Ушел с корешами в третий раз редкие деревья искать-вырубать. Нашли, благословенна будь земля Холмов с ее искажениями; опять вплавь пустились, теперь уже вниз по Тепре-реке, в королевство Бранниг. Вернулись с золотом за пазухой, я два года семью не видывал, решил, что больше от Юллы ни ногой. Новую руку ей справили, лучше старой. Купил землю в другом месте и дом новый отстроил, свой. А в него войдя, смешно, кожевенником стал. От чего бежал вызмальстве, к тому и пришел. Учитель, что драл меня, как однорогую козу, наверное теперь смотрел из страны мертвых да удивлялся, чего это ему бывший беглец светлины зажигает, да память подновляет каждый год в Огнарёк...
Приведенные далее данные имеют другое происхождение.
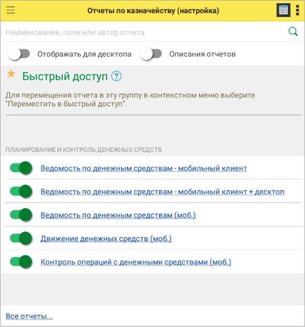 Просмотр отчетов в автономном режиме доступен в разделе Главное – Все отчеты.

После еще двое сыновей и двое дочерей мы родили, жили душа в душу, старший сметливый вырос, в семнадцать лет далече с дядьями в торговый поход уехал, на юг.
Думал я, что все, вышла моя злая удача, вдоволь она моей жизни натерзалась, а теперь наконец кончилась. Думал, теперь-то все в моих руках.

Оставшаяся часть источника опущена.